> _WHAT IS BEING ASKED_
The entries below contain a line with "動力車です。座席、室内、床下機器の銀色化をやり直しています。" and a line with "關于藍綠幕的打光問題,我們的". Quote exactly those two lines and all lines between them.

########################################

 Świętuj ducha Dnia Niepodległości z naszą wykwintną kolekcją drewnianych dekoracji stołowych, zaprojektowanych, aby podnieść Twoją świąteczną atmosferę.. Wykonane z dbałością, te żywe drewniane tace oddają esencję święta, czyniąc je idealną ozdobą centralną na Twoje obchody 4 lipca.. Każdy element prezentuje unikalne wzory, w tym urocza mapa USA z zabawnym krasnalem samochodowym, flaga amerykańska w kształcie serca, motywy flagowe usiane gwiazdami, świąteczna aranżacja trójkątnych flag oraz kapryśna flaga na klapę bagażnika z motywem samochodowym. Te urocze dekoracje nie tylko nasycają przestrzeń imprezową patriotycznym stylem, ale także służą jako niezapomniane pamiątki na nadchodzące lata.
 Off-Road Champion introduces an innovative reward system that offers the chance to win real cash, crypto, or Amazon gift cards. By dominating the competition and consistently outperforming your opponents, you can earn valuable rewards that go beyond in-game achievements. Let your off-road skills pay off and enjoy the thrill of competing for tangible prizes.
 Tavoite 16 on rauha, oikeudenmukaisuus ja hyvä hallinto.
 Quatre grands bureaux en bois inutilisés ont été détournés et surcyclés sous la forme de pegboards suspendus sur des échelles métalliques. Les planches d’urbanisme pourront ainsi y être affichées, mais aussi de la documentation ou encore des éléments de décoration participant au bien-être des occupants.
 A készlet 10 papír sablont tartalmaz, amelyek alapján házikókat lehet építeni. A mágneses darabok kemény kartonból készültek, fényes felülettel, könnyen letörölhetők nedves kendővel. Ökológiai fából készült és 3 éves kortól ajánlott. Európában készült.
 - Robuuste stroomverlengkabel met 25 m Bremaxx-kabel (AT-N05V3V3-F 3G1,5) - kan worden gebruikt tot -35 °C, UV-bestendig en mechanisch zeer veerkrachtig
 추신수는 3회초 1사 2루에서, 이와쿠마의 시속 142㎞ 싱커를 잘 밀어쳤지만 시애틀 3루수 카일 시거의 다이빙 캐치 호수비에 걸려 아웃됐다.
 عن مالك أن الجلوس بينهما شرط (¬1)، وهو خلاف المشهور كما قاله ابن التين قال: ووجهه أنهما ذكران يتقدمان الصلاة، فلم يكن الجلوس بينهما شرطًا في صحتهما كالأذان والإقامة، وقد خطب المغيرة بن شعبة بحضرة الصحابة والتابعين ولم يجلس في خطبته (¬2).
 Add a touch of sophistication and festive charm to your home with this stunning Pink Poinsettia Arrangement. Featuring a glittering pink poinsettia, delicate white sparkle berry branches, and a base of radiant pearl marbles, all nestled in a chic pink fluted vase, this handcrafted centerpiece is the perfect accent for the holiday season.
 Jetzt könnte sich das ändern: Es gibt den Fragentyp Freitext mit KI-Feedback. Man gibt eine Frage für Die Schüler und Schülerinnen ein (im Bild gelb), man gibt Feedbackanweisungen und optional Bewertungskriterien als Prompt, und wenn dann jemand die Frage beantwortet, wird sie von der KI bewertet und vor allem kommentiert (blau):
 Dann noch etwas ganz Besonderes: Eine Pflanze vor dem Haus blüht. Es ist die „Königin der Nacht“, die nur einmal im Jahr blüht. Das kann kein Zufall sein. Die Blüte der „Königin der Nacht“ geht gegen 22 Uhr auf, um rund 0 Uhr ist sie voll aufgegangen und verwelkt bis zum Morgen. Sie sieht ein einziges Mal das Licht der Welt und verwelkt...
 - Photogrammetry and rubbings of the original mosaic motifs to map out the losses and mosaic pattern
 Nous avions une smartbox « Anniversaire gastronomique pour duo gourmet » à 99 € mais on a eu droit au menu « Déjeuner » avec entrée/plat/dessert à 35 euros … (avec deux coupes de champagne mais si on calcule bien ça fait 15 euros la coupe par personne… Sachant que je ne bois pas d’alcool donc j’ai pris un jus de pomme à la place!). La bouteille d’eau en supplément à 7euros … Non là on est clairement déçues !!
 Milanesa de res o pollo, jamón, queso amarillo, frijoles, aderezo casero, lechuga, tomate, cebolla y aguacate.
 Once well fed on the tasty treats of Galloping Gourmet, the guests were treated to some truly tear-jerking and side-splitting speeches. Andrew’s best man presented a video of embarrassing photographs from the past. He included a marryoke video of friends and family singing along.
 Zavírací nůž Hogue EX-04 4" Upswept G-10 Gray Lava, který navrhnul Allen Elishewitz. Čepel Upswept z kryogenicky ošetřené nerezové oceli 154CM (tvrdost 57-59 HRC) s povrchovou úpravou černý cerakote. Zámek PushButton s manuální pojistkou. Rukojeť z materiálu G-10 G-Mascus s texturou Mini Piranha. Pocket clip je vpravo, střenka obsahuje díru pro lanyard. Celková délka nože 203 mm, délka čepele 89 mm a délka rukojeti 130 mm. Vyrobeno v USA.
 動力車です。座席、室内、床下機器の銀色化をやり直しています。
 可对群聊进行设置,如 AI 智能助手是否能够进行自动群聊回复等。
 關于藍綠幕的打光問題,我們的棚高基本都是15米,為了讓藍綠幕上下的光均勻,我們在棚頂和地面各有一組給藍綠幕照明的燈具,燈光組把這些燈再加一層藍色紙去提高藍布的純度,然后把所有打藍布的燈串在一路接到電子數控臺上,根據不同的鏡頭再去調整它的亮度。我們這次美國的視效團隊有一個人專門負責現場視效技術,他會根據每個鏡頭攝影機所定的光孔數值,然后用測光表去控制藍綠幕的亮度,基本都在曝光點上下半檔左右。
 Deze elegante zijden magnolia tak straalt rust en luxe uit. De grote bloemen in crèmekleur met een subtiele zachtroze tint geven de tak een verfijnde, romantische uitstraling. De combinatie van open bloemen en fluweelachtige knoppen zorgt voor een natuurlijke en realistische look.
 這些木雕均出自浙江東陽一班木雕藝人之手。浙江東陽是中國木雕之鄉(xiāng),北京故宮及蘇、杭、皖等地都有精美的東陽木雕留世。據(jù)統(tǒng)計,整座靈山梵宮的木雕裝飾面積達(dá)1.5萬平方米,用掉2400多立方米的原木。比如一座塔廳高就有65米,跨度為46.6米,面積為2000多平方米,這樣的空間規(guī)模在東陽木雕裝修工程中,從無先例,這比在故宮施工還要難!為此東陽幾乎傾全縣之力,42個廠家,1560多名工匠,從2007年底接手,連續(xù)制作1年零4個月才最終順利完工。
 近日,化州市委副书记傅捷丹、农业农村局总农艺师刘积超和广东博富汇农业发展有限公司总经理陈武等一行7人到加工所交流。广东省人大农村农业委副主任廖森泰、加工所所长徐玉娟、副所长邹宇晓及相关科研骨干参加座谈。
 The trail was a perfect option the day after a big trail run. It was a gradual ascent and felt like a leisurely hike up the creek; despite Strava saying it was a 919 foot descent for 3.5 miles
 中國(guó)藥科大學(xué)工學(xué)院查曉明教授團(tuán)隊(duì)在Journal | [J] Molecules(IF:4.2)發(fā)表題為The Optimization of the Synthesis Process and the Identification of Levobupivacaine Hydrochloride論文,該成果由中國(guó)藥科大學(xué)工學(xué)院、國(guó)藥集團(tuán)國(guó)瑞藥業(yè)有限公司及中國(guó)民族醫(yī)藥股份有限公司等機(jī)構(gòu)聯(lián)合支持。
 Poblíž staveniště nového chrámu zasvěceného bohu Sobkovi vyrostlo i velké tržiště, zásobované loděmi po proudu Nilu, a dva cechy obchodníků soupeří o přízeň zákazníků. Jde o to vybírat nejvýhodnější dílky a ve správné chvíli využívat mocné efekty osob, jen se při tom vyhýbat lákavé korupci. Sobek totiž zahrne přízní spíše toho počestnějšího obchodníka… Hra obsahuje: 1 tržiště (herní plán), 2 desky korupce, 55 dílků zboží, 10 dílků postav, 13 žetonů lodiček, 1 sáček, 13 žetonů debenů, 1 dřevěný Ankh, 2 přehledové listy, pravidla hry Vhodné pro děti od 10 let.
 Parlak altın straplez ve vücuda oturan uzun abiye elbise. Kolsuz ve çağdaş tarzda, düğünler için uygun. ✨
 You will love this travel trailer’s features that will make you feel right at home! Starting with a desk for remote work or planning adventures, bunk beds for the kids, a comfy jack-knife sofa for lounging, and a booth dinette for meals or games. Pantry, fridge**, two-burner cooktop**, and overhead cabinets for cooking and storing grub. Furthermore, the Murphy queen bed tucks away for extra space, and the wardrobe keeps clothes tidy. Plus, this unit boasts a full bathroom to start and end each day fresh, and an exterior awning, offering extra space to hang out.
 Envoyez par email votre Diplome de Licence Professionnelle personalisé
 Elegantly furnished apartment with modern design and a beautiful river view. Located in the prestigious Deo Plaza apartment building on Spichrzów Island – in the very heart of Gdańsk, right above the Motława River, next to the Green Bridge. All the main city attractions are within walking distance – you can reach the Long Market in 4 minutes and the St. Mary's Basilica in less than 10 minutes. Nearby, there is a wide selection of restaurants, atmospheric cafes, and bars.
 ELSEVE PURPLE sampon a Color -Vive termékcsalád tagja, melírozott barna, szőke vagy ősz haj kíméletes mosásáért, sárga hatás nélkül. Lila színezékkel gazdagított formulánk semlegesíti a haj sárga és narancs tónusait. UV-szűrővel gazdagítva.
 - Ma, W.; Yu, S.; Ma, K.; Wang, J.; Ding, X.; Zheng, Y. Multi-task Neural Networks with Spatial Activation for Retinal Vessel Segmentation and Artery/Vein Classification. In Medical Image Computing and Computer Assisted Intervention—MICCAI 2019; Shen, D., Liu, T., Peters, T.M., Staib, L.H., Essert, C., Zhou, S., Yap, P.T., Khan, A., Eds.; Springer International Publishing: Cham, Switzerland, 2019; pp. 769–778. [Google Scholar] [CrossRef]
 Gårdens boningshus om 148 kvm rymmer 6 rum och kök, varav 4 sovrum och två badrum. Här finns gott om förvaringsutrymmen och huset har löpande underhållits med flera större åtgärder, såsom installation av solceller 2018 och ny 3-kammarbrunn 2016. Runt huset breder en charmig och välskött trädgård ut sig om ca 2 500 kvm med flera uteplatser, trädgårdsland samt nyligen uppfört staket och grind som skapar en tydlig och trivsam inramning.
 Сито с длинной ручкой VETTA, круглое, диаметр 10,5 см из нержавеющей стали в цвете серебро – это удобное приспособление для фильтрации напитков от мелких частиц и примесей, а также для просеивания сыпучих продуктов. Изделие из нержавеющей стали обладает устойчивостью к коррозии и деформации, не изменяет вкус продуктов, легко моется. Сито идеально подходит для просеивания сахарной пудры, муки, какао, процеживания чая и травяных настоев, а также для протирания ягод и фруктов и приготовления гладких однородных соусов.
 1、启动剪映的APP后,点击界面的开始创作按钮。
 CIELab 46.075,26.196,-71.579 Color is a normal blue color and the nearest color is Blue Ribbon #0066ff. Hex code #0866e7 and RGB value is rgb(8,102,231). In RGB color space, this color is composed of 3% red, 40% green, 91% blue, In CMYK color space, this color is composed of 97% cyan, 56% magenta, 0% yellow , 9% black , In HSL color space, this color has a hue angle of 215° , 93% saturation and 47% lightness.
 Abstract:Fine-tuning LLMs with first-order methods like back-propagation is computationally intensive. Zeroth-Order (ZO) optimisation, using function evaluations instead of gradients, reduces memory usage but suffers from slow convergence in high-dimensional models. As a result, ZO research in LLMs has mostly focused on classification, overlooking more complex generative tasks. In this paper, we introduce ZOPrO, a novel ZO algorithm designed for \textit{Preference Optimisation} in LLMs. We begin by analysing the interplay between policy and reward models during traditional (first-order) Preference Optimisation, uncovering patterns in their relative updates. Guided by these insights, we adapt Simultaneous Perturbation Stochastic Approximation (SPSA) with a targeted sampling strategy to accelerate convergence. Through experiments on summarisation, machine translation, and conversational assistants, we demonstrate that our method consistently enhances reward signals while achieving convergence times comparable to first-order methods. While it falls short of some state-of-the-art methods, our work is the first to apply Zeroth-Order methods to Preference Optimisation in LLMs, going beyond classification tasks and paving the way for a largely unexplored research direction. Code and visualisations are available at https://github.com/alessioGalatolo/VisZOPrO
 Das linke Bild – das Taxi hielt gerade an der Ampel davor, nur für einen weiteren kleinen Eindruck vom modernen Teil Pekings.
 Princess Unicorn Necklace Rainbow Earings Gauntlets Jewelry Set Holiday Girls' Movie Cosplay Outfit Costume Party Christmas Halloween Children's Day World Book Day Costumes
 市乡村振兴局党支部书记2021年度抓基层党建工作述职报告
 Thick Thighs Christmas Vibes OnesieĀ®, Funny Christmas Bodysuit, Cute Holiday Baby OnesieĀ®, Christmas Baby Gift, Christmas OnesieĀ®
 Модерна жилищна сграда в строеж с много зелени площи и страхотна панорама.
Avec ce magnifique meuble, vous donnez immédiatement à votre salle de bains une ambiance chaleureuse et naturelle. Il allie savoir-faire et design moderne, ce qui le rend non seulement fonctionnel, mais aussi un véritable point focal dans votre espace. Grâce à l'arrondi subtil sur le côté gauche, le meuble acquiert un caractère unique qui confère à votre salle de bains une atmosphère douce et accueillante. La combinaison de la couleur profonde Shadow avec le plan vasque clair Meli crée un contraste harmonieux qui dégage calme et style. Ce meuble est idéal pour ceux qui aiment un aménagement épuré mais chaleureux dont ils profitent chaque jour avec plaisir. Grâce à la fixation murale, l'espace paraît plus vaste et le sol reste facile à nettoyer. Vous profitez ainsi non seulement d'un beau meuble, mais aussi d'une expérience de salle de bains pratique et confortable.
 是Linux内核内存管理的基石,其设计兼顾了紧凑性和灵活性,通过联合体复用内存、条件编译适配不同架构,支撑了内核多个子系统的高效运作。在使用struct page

########################################

> _RESULT OF THIS TASK_
 動力車です。座席、室内、床下機器の銀色化をやり直しています。
 可对群聊进行设置,如 AI 智能助手是否能够进行自动群聊回复等。
 關于藍綠幕的打光問題,我們的棚高基本都是15米,為了讓藍綠幕上下的光均勻,我們在棚頂和地面各有一組給藍綠幕照明的燈具,燈光組把這些燈再加一層藍色紙去提高藍布的純度,然后把所有打藍布的燈串在一路接到電子數控臺上,根據不同的鏡頭再去調整它的亮度。我們這次美國的視效團隊有一個人專門負責現場視效技術,他會根據每個鏡頭攝影機所定的光孔數值,然后用測光表去控制藍綠幕的亮度,基本都在曝光點上下半檔左右。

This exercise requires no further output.